LinuxQuestions.org

LinuxQuestions.org (/questions/)
-   Linux - General (https://www.linuxquestions.org/questions/linux-general-1/)
-   -   script to fix broken links in website (https://www.linuxquestions.org/questions/linux-general-1/script-to-fix-broken-links-in-website-446213/)

disorderly 05-18-2006 06:23 PM

script to fix broken links in website
 
hello! after converting thousands of pages from *.html to *.php, i have the leftover task of fixing 10,000's of broken links..ug.. there must be a better way.

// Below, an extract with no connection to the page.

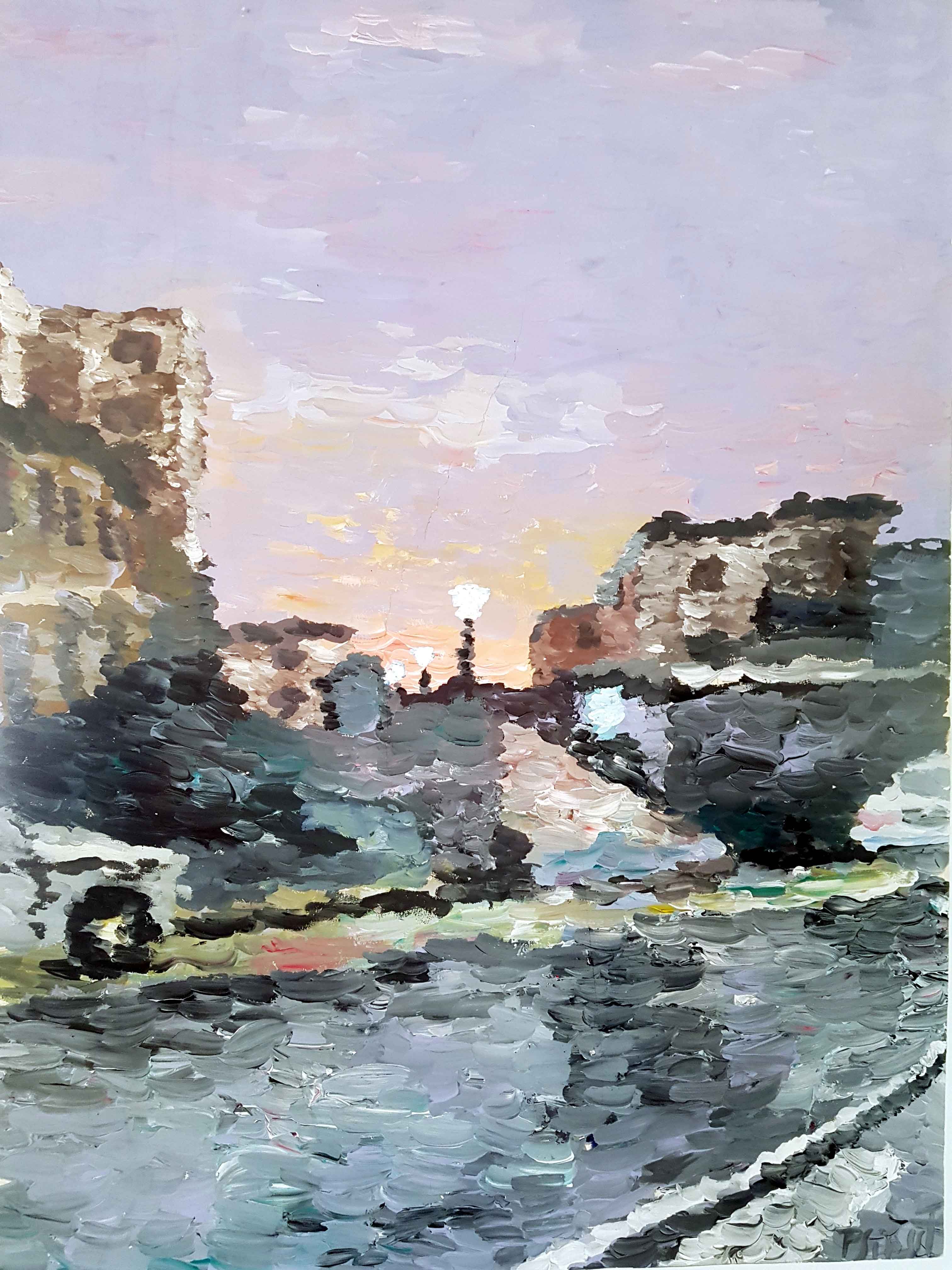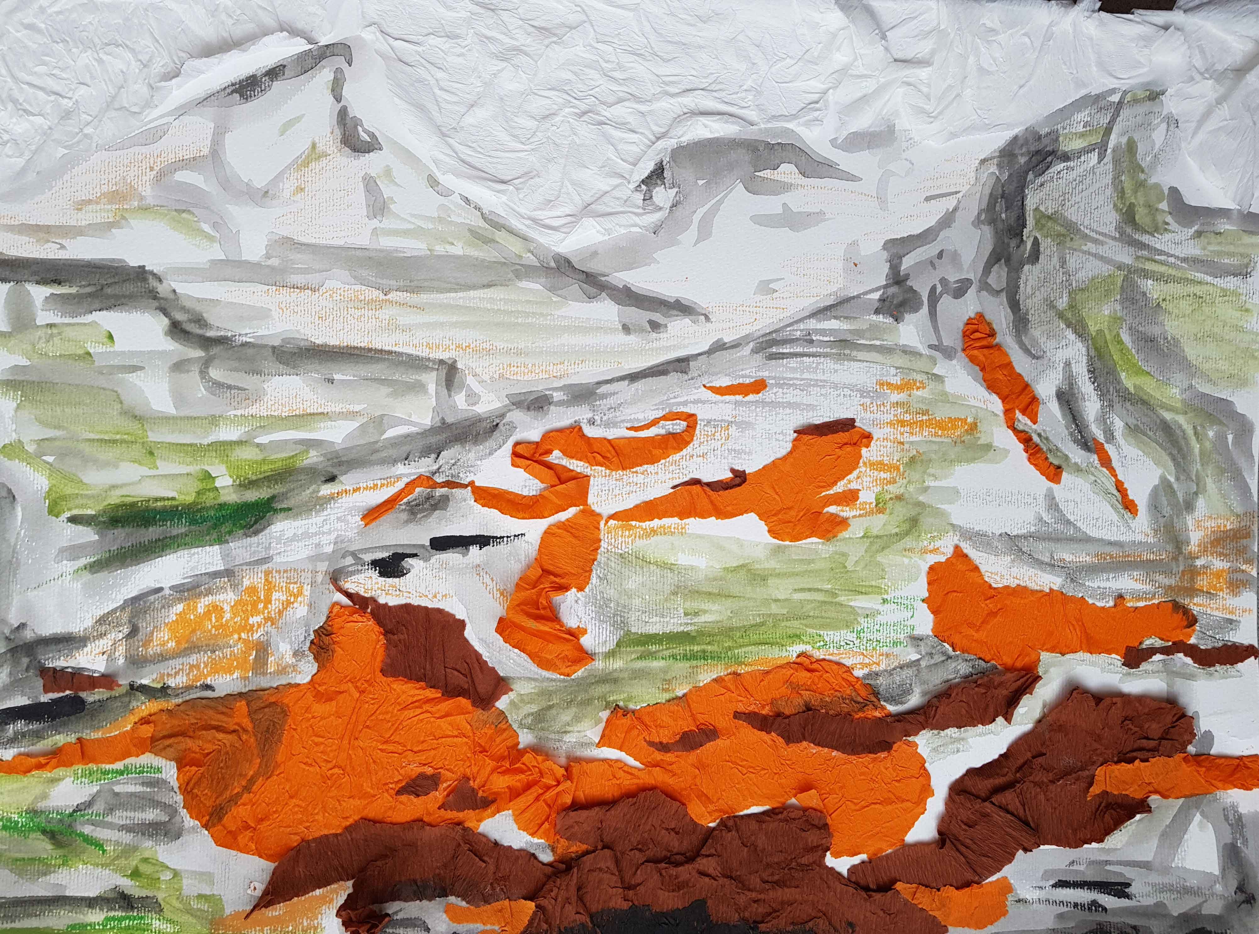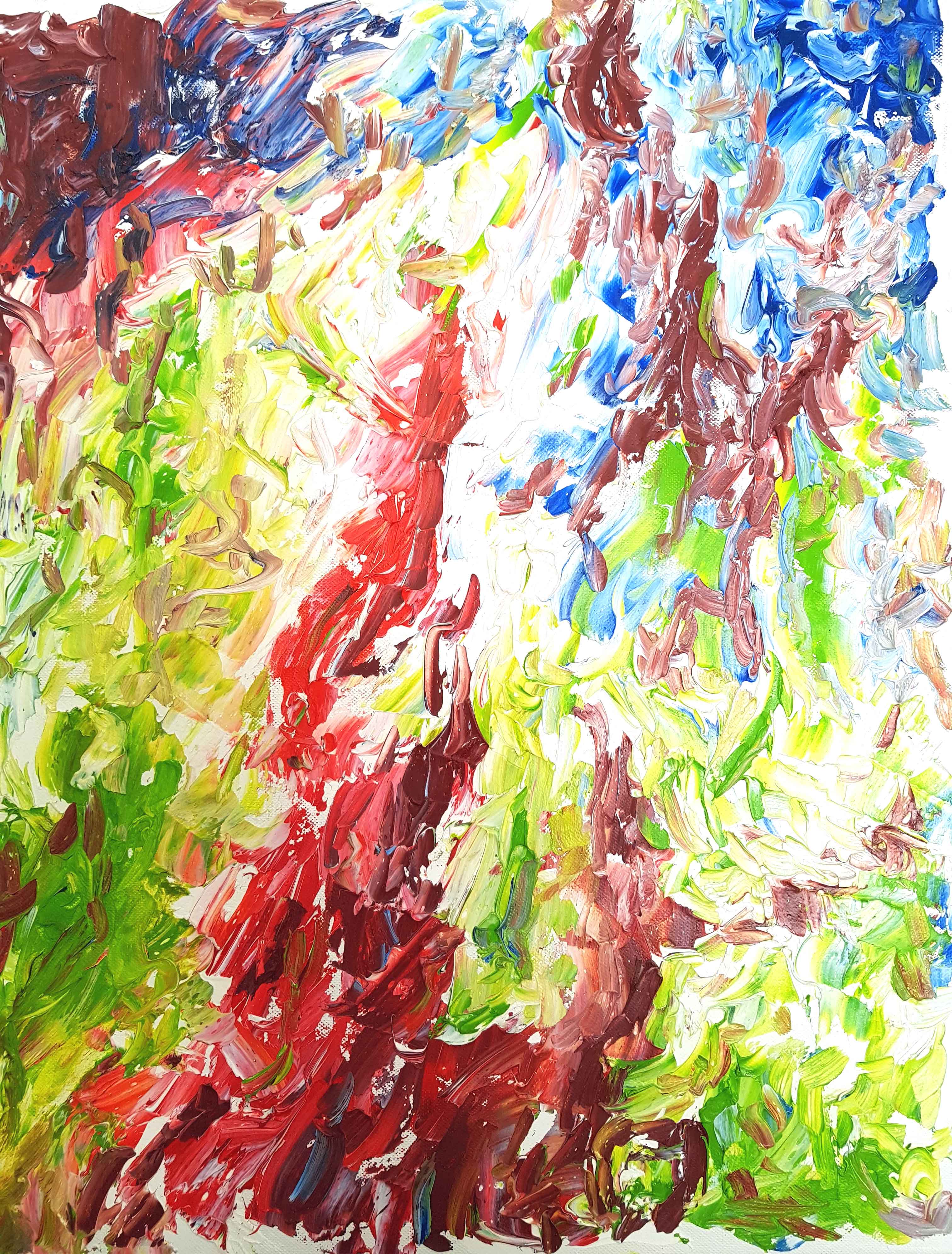 Sometimes I take my pencil in my hands and start sketching in simple forms what I see. It usually happens, when I am somehow impressed by my surrounding or just feel like. At the beginning it is only forms, later contrasts will be added and finally colors and movements superimposed by using varies of brushes.

i'm thinkin this could be done by something like this:
1) run a script that will recursively scan the new PHP files directory
2) check whether the current_file is *.php
3) if so, use sed with a regular expression like: href.*\.html to put the string in a variable, $url
5) determine whether the current_file is within the PHP directory somehow
6) determine if the link is pointing to a file in or out of the PHP files directory (because the files outside the PHP directory still all have their HTML extension, and external links should not be changed either)
6a) could check if the target_file exists, but that might be a bonus later
7) if necessary, then use sed to correct the new link within the current_file in $url

i just don't know how to insert conditional logic when using sed. i mean once sed finds what you tell it to find, how can you tell it to only change the text IF some other conditions are TRUE??

thanks,
disorderly

jschiwal 05-18-2006 07:26 PM

Quote:

1) run a script that will recursively scan the new PHP files directory
2) check whether the current_file is *.php
3) if so, use sed with a regular expression like: href.*\.html to put the string in a variable, $url
You can use the find command to locate all .php files in your directory, and subdirectories.
Such as "find <php directory> -name "*.php" -exec sed -f html2php.sed '{}' \;"

However, given the large numbers of files, you probably will need to use find -print0 | xargs -0, such as in:
find <php directory> -name "*.php" -print0 | xargs -0 --max-args=1000 sed -f html2php.sed

The max-args xorg argument will prevent an out-of-memory bash error.
I just used 1000 as an example.
Quote:

6) determine if the link is pointing to a file in or out of the PHP files directory (because the files outside the PHP directory still all have their HTML extension, and external links should not be changed either)
6a) could check if the target_file exists, but that might be a bonus later
Write your sed script with commands of the form: '/pattern/s/old-pattern/new-pattern/' so that if the link points to your PHP files directory, it matches the pattern. If it doesn't match the pattern, then it won't perform the substitution.

---

I would recommend that you create a temporary directory that contains the same subdirectory structure, and a subset of the files. Use this to test and develop your sed program. You don't want to accidently destroy all of your links on the actual files. When you believe you have a workable script, make a backup of your PHP directory so you can restore the files just in case of an error. "To err is human, to backup is divine".
---
One gotcha is if a URL spans more than one line. Sed program to handle them are more complicated because you need use looping and build a multiline pattern space before performing the substitution.
Using a lint program could avoid this problem. You could use sed or grep to determine whether this case exists.

disorderly 05-19-2006 09:06 AM

hi jschiwal, thanks for your reply! no worries, i'm working on a temporary directory with all this stuff (i've accidently blown away enough files in my time to have learned by now ;))
Quote:

You can use the find command to locate all .php files in your directory, and subdirectories.
Such as "find <php directory> -name "*.php" -exec sed -f html2php.sed '{}' \;"
- a much more elegant method than i was playing with, thanks

i think the critical pieces, #5 & #6 are the problem because of relative links. lets say i have a file structure like:
/ # html files
/directory1 # html files
/directory2 # html files
/newPHPDirectory # php files

if i find links in:
/newPhpDirectory/level1/level2/someFile.php
such as:
<a href="../../file.html">foo</a>
<a href="file.html">bar</a>
<a href="../../../directory/file.html">blee</a>

and i find this link in
/newPhpDirectory/level1/sublevel1/sublevel2/anotherFile.php
such as:
<a href="../../file.html">foo</a>

uh oh, now i have to determine what the links are targeting before i can replace them. they all have *.html extension, but some are within the new /newPHPDirectory directory, and others are in the old directories - see what i mean?

seems to me like the script would need to determine
a) in what directory its operating
b) whether the target file is in the old directories, or newPHPdirectory


All times are GMT -5. The time now is 02:55 PM.